Green Mesquite has been around since the late ‘80s, so it’s fair to say they’ve had some time to figure things out. The focus here is barbecue—something they do very well—but you’re not reading a barbecue guide right now. Here the wings are smoked, and tossed in a tangy barbecue sauce, with just enough heat to make it a little fun. And the smoke flavor really makes it all the way through the wings. There are three  locations: the original off Barton Springs, one in the Southpark Meadows shopping center, and one in San Marcos.

Chi’Lantro is probably best-known for their kimchi fries that catapulted them to popularity when they first opened their food truck back in 2010, but now there are multiple locations across the city, so you’re never too far from their Korean-Mexican fusion food. That includes their Korean fried chicken wings that are double-fried for a little extra crispiness, then doused in a sweet-and-spicy “Gangnam sauce” and topped with sesame seeds. They’ve only got one flavor, but when it hits all the right notes, why bother with more?

The wings at Hold Out Brewing are brined and fried, then tossed in “tatanka sauce” which is basically their house buffalo. And if you have a favorite in the ranch vs bleu cheese debate, Hold Out’s miso ranch would like to submit itself for consideration.

The chicken wings at CM Smokehouse  spend some time on the smoker, followed by a quick dip in the fryer before getting tossed in one of their sauces (we like the white barbecue sauce), resulting in some large wings that are really tender with a crispy outside. And if chicken wings aren’t really your thing (first off, why are you reading this?), they’ve also got smoked cauliflower and baby back rib “wings.”

Sazan is primarily a ramen restaurant, but you’d be doing yourself a great disservice if you didn’t also order their “indomitable” chicken wings. The wings are fried and then seasoned with a salty, spicy, and umami-laden curry rub—with the crispy skin reminiscent of a Dorito. We wish there were  indomitable wing-flavored Doritos, but we’ll just stick with the wings, for now.
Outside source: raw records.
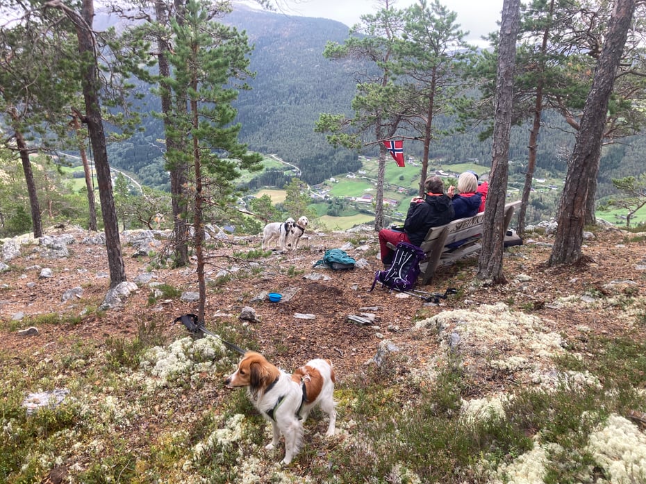 Vel oppe satte vi oss og åt nista vår. Det er satt en benk her, og denne er plassert slik at vi får fin utsikt mot jordbruks/kulturlandskapet i Sel fra denne.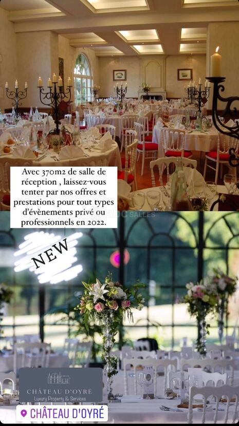 Bienvenue au Château d'Oyré ! Venez découvrir cette batisse du XVème et XVIIIème siècle qui sera le cadre idéal pour vos mariages, fêtes de famille ou réunions d'entreprise, séminaires ! Après une promenade dans le parc du château ou autour de la piscine, vous pourrez prendre un verre dans l'Orangerie et notre nouveauté, une grande verrière de 250 m², soit 370 m² de salle de réception, qui peuvent accueillir de 10 à 400 personnes.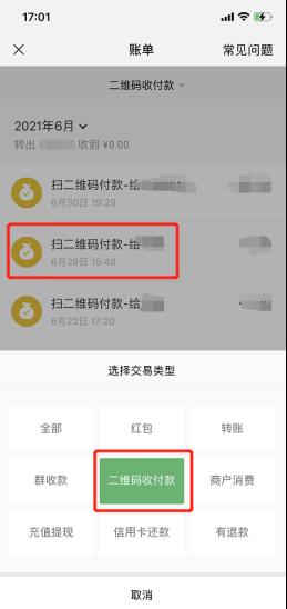 第二步:选择全部交易类型→二维码收付款→在这里找到你要联系的商家。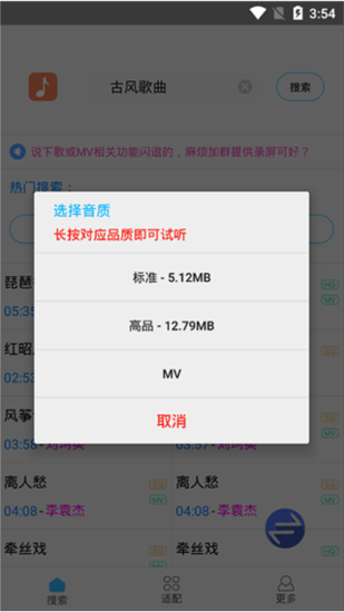 3、支持无损、标准以及高品和MV等,下载速度快;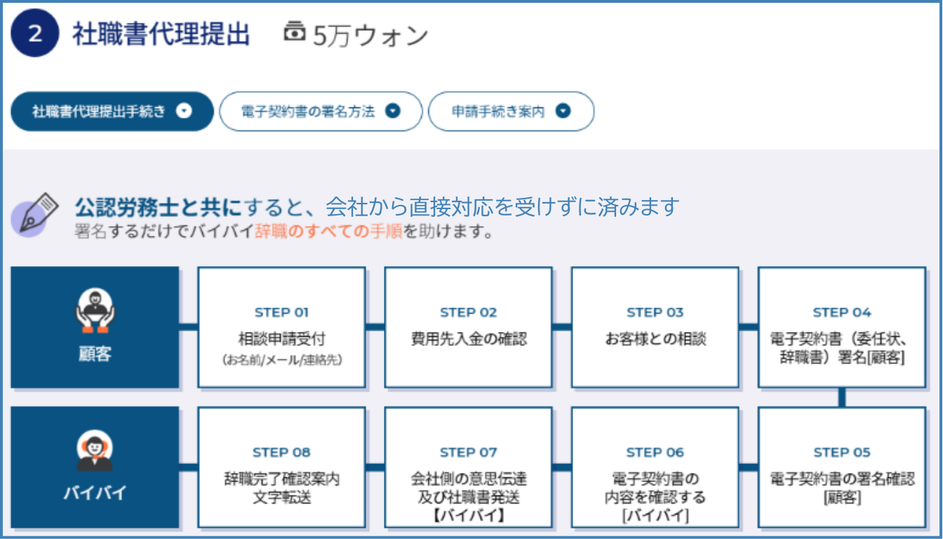 韓国の退職代行業者の例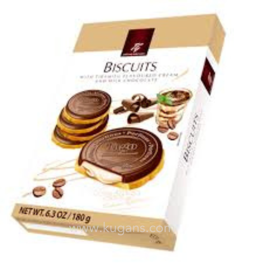 Indulge in the delightful fusion of flavors with Tago Milk Chocolate Tiramisu Biscuits. Each biscuit is generously filled with a rich tiramisu-flavored cream and enrobed in smooth milk chocolate, offering a luxurious treat reminiscent of the classic Italian dessert.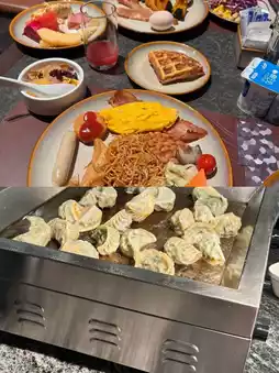 What surprised me was that although there were a lot of people at breakfast on the fifth floor, it was the first time I had to wait in line for breakfast at a five-star hotel. However, I only waited for about 5–8 minutes before I went in. The dining area is quite large, but it's a little noisy. Everything else is fine. I happened to find a seat by the window, where I could see the park. The view was nice. Fortunately, the breakfast tasted good. If it didn't, I might not have had the patience to wait.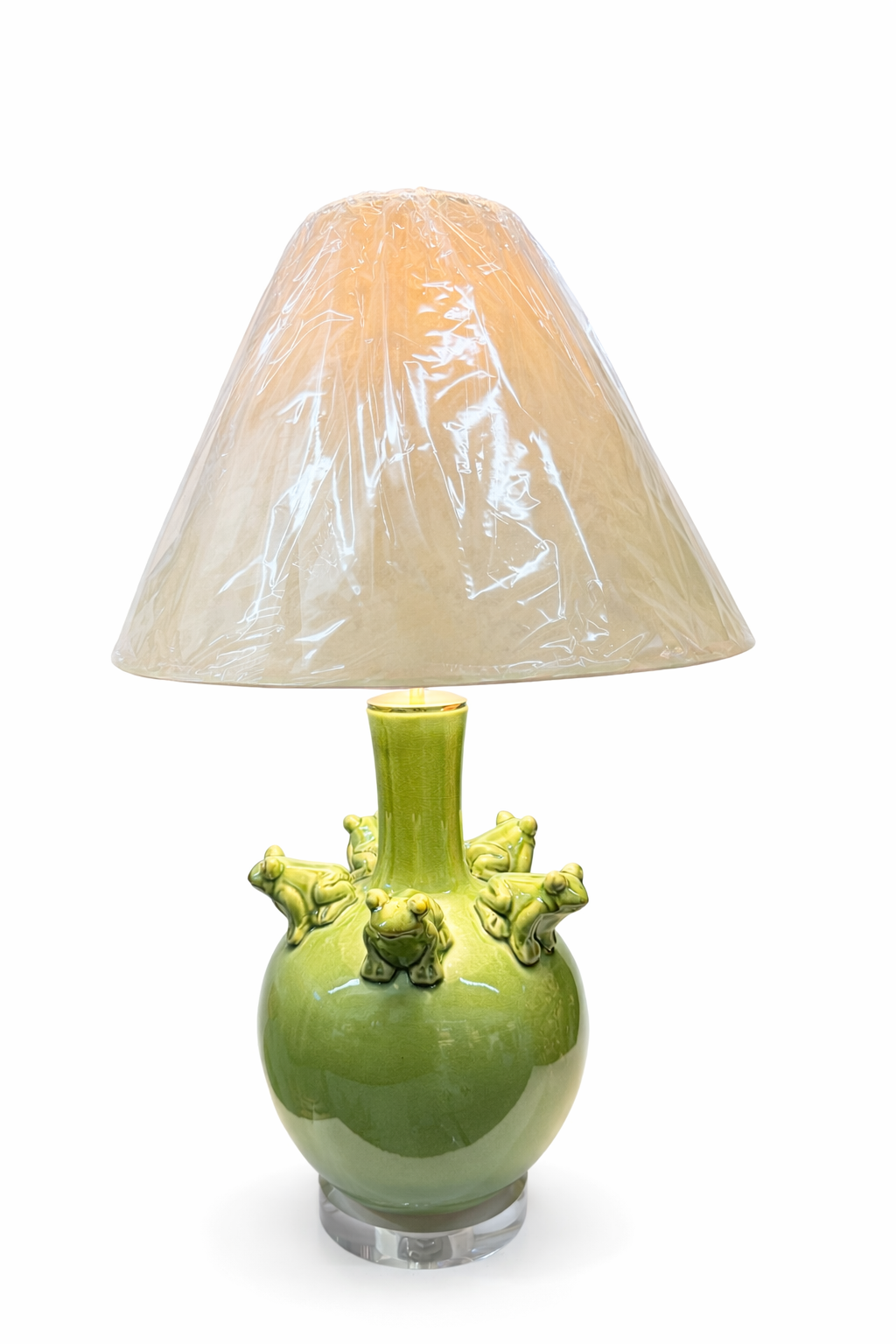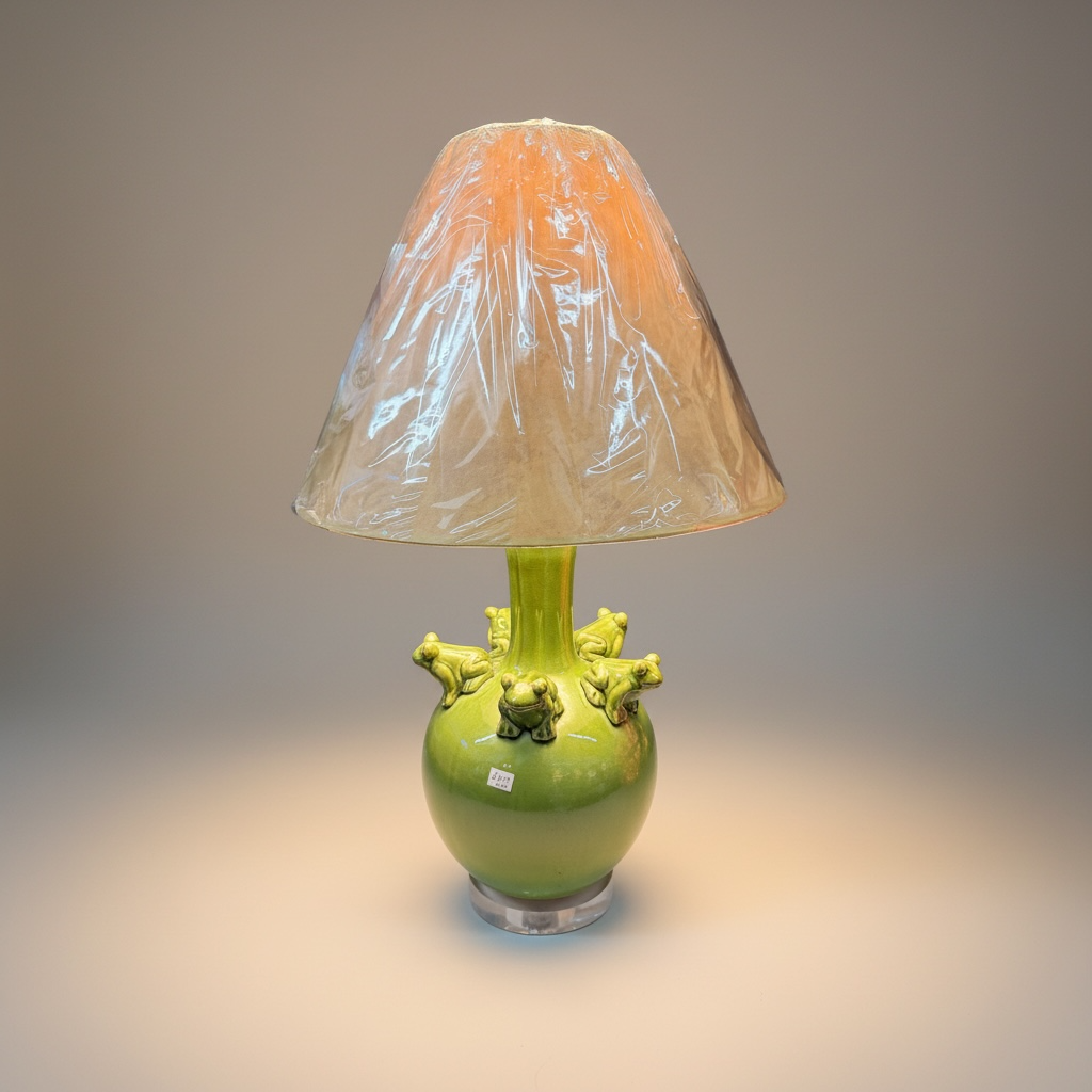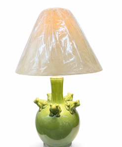 Playful ceramic lamp in a vibrant green glaze, featuring sculpted frogs around the base. A fun yet stylish accent, perfect for adding character to any space.

In a lot of ways, The Cavalier is the perfect neighborhood pub, with plenty of parking, cheap drinks, and, perhaps most importantly, excellent wings. The wings at Cavalier are some of the biggest we’ve encountered—we asked if they came from a turkey, but they said no— and with some fun sauces like Twisted Tea BBQ and Jamaican Jerk, you can keep coming back to work your way through them all. We usually end up with the Korean BBQ—they’re sweet and sticky in all the right ways, with nice crispy edges that make them almost fun to eat.

Umami-rich and spicy, the chicken wings at the Laotian food truck SXSE are some of our favorites in town. First they’re marinated in fish sauce, dried lemongrass, garlic powder, salt, and pepper. Then they’re fried naked until crispy, dressed in an absolutely delicious caramel fish sauce, and then topped with fried garlic and chili flakes. The caramel fish sauce is so good you’ll probably want to a little bottle of it to walk around with.

There’s a good chance you’re already familiar with the wings at the Tavern. Their signature “white wings” are of the boneless variety—bacon wrapped and jalapeno stuffed—but this isn’t a boneless wing guide (so we can only say unofficially that these should be part of your order as well). Fortunately their classic wings are just as good—juicy on the inside with a crispy, almost-charred exterior tossed in everything from lemon pepper to ghost pepper. They’ve also got over 30 TVs inside, making this a great spot to come and watch some sports to accompany your wings.

The wings at Tommy Want Wingy have developed an almost cult-like following in Austin, with people clamoring for their distinct, frenched chicken wings. There’s no debate about flats vs drums here—all the wings start as a drumette before being cleaned into a lollipop-like shape with a little bone handle. It makes them easy to eat, which probably comes in handy when you’ve got the munchies after a long night out. There are two locations: one at Cosmic Coffee + Beer Garden, the other at Rainey St.